— Task to carry out —
The line containing "[그림 1] 페트리디쉬(플라스틱" marks the end; write out exactly every line from the start of the data up to and including it, without the pictures.

[[ Supplied records, beginning ]]

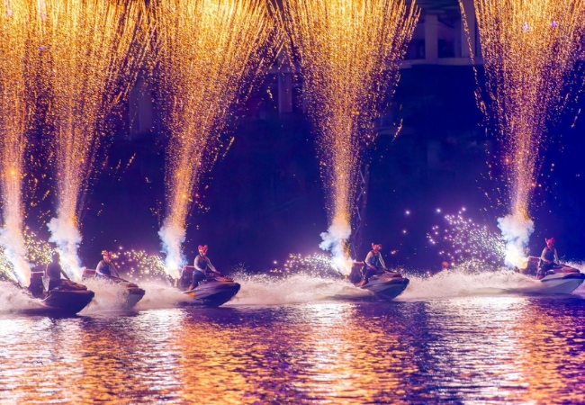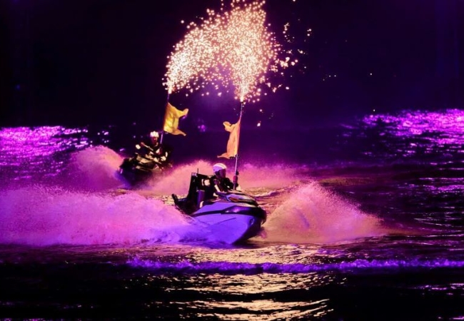 Đội hình 36 chiếc jetski di chuyển đồng loạt trên mặt biển tạo nên những đội hình phức tạp với độ chính xác đến từng giây. Mỗi phương tiện đều được trang bị bộ điều khiển riêng, nhận tín hiệu thời gian để kích hoạt pháo hoa chính xác tuyệt đối.
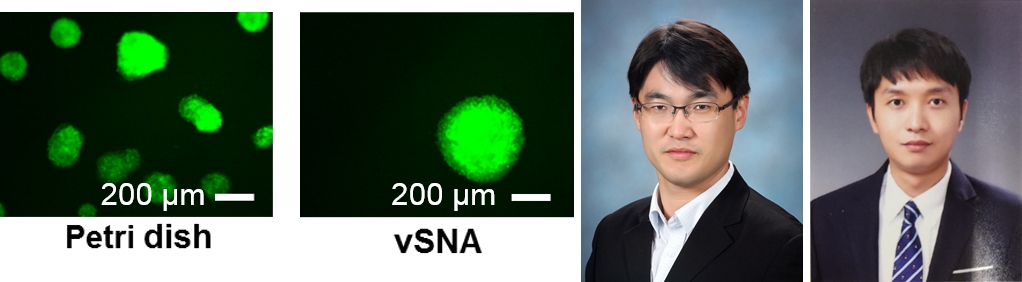 [그림 1] 페트리디쉬(플라스틱 2차원 배양기판/좌)에서 형성된 유도만능줄기세포의 세포군체와, 수직형 실리콘 나노기둥 구조(우)에서 형성된 유도만능줄기세포의 세포군체의 모습(형광촬영사진) 비교. 형광 녹색의 구체들이 유도만능줄기세포 군체이며, 페트리디쉬 대비 수직형 실리콘 나노기둥 구조에서 더 크고 완벽한 구체인 세포군체가 형성됨을 확인 할 수 있다.
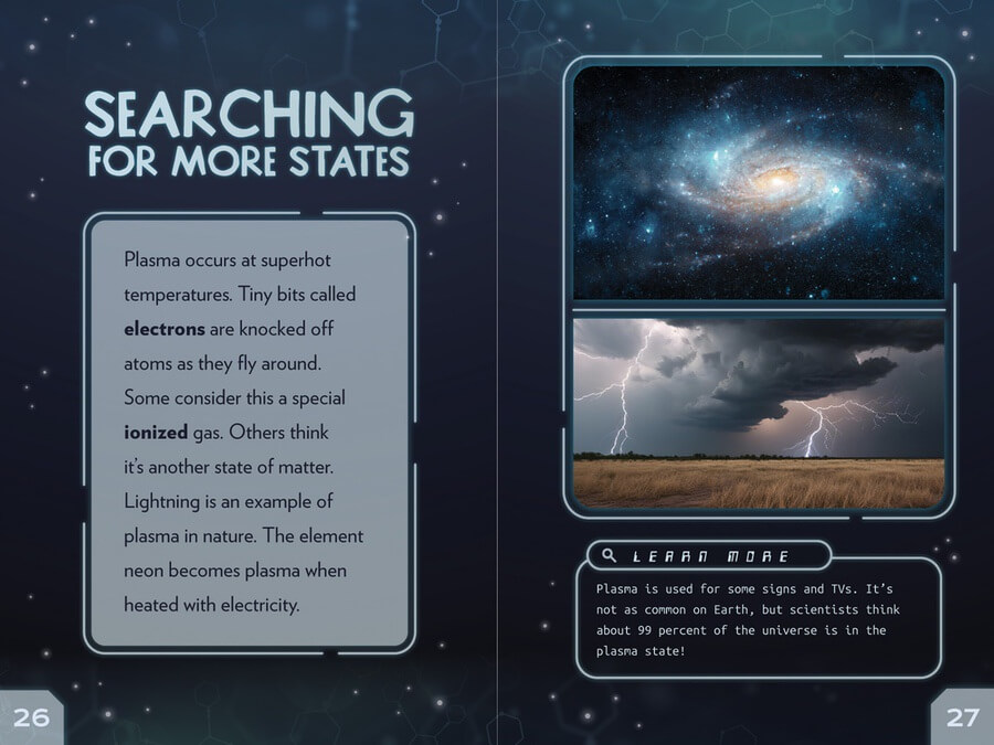 Solid, liquid, and gas—these are the states of matter that young people are introduced to first. They are easily observable in everyday life. Lightning is an example of another state of matter—plasma. And there are still others, including Bose-Einstein condensates, that only exist in extreme conditions. How these states form and why they change is the focus of this engaging book, which pairs accessible information and essential science vocabulary with supporting images and diagrams. Readers will appreciate the approachable text and interesting fact boxes, which encourage their curiosity about curricular concepts.
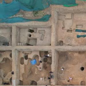 这是3月3日拍摄的郑州商城遗址商代中期高等级贵族墓葬区发掘现场(无人机照片)。
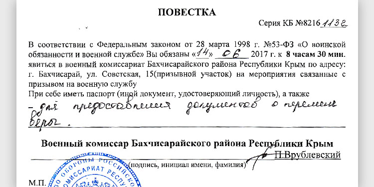 Foto: Vorladung des Militärkommissariats der Krim
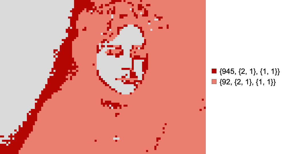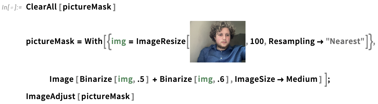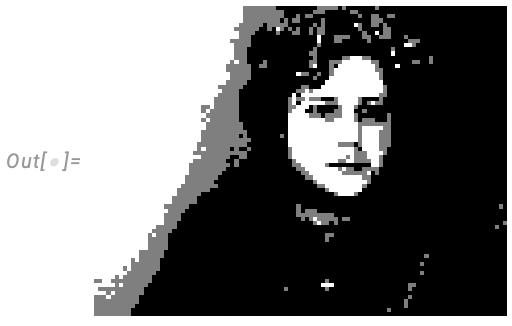 For this next example, I posterized a webcam selfie so as to only have pixel values of 0,1, or 2 and used the resulting image as the domain mask specification in CoexistingCellularAutomata. In the simulation, these values respectively correspond to neutral territory, the domain of the first rule, and the domain of the second rule. I picked two totalistic 9-neighbour 2D CA rules to use at random:
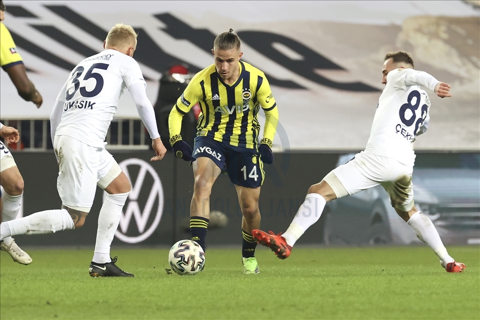 Fenerbahçe, Süper Lig'in 19. hafta maçında MKE Ankaragücü ile Ülker Stadı'nda karşılaştı. Fenerbahçeli oyuncu Dimitris Pelkas (14) ile MKE Ankaragücü futbolcuları Atila Turan (sağda) ve Daniel Lukasik (35) bir pozisyonda mücadele etti. ( Serhat Çağdaş - Anadolu Ajansı )Serhat Çağdaş
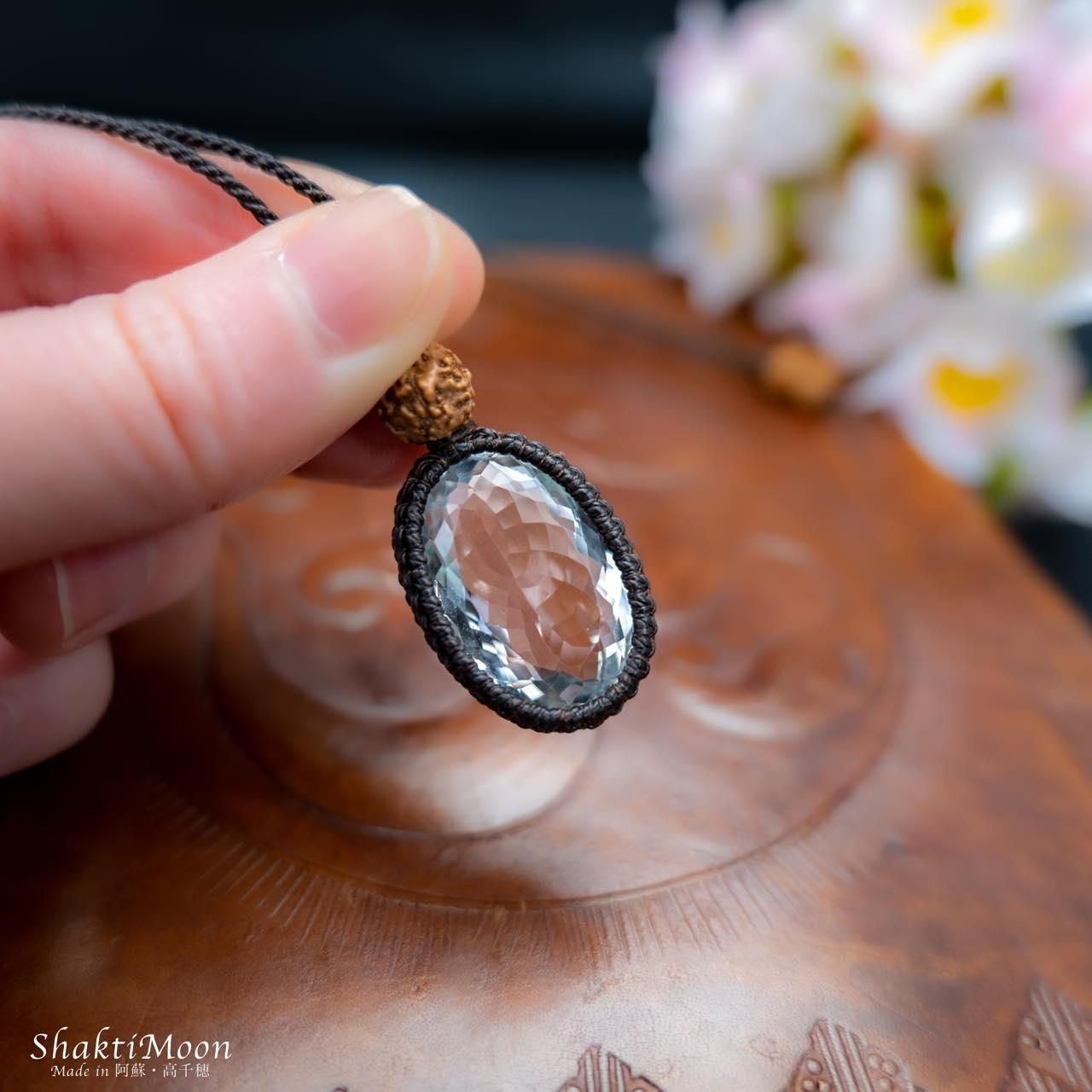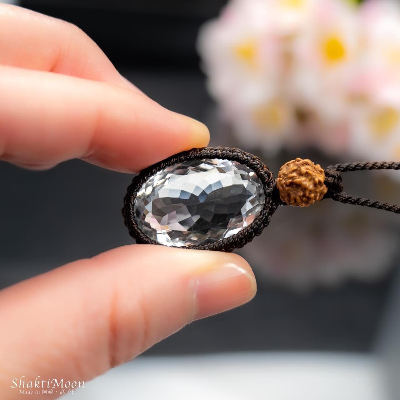 プレミアムカット水晶の上にルドラクシャをひと粒組み合わせ、後ろからも持ち主様をお守りしてくれるように紐のエンド部分に2粒ずつルドラクシャをお付けいたしました!
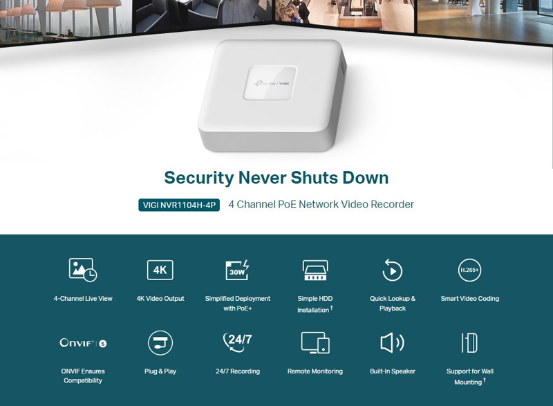 Τα καταγραφικά της σειράς VIGI από την TP-LINK συνδέονται με το σύστημα καμερών σας, επιτρέποντας της παρακολούθηση (live & playback) και την αποθήκευση των βίντεο που καταγράφονται.
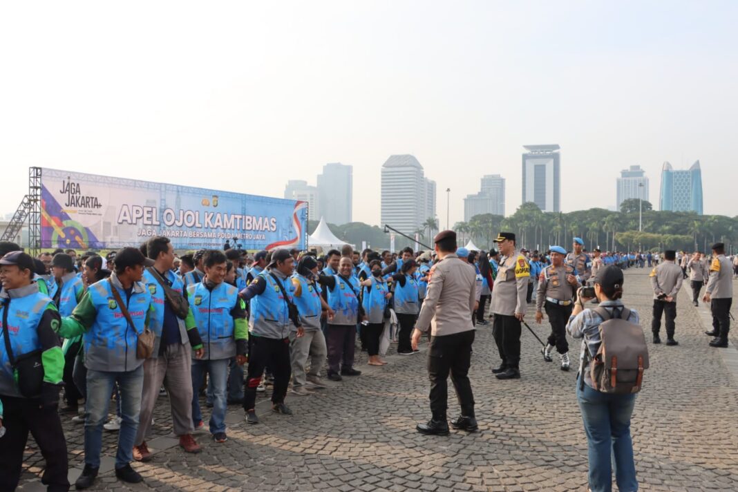 “Kami memastikan bahwa seluruh peserta Ojol Kamtibmas yang berangkat telah mengenakan helm, kendaranaan layak pakai, surat kendaraan dan sim serta atribut aplikator sesuai dengan ketentuan Peraturan Gubernur DKI Jakarta, mengingat Monas adalah kawasan tertib atribut,” jelas AKBP Martuasah.
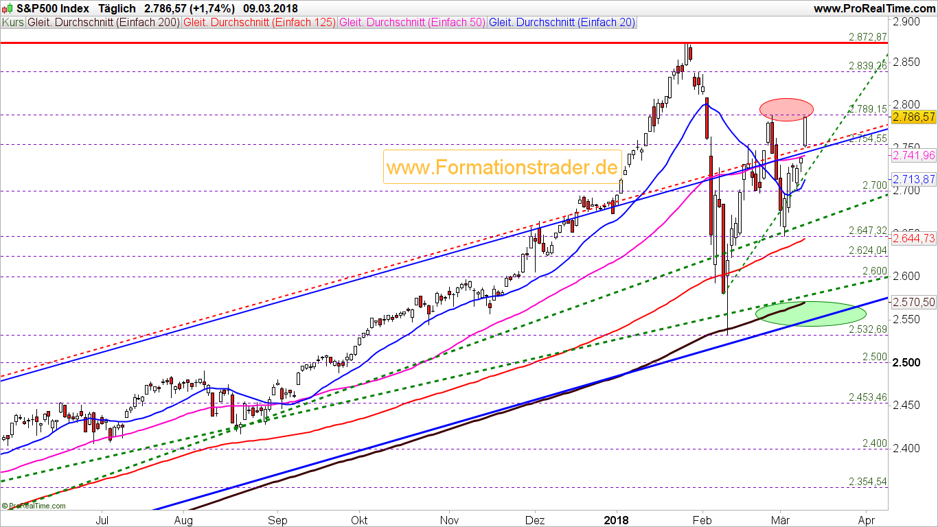 2018-März-12 Leitindex S&P 500 Wochenausgabe "Die Bullen setzen sich durch! Der Aufwärtstrend steht vor seiner Fortsetzung."
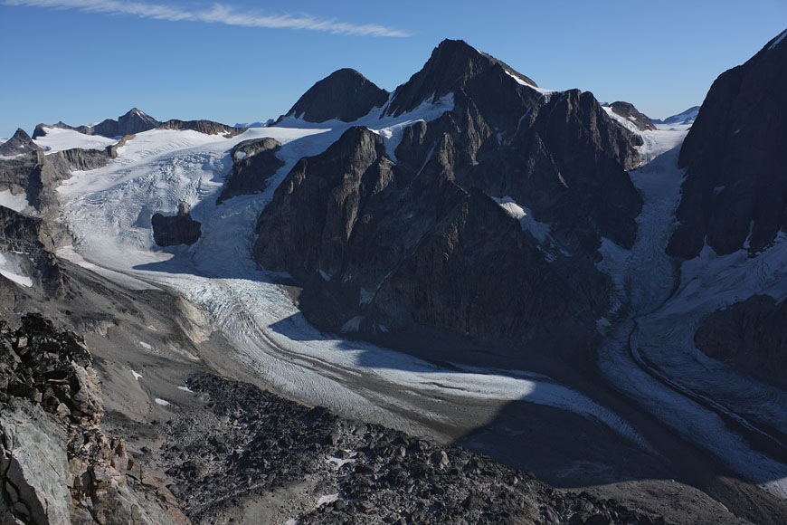 standing near to the dominant Ketil summit, towering more than 2000m above the sea, beeing still 500m below its summit |
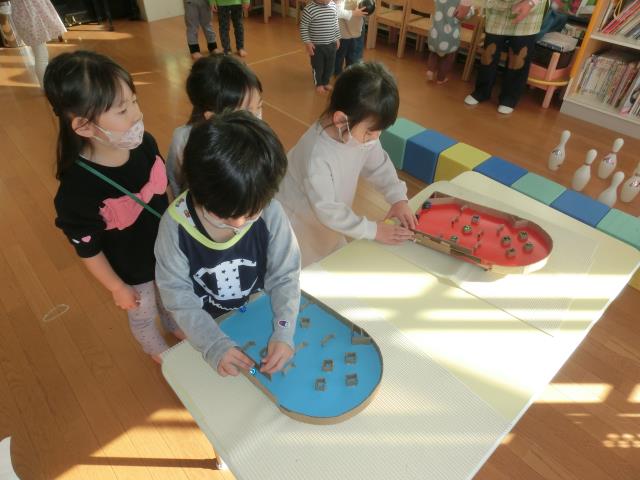 ゲームコーナーでは、ボーリングや輪投げ、スマートボールを真剣な表情で行っていました。
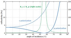 Brewster's angle[1] is the angle under which p-polarized indicent light is almost completely transmitted. In the figure[2] to the right, you can see that an air/silica interface has a reflectivity of zero for p-polarized light at ~56°. Brewster's angle is dependent on the ratio between refractive indeces, which in turn are dependent on the wavelength of the light.

[[ Supplied records, end ]]

— Answer —
 Đội hình 36 chiếc jetski di chuyển đồng loạt trên mặt biển tạo nên những đội hình phức tạp với độ chính xác đến từng giây. Mỗi phương tiện đều được trang bị bộ điều khiển riêng, nhận tín hiệu thời gian để kích hoạt pháo hoa chính xác tuyệt đối.
 [그림 1] 페트리디쉬(플라스틱 2차원 배양기판/좌)에서 형성된 유도만능줄기세포의 세포군체와, 수직형 실리콘 나노기둥 구조(우)에서 형성된 유도만능줄기세포의 세포군체의 모습(형광촬영사진) 비교. 형광 녹색의 구체들이 유도만능줄기세포 군체이며, 페트리디쉬 대비 수직형 실리콘 나노기둥 구조에서 더 크고 완벽한 구체인 세포군체가 형성됨을 확인 할 수 있다.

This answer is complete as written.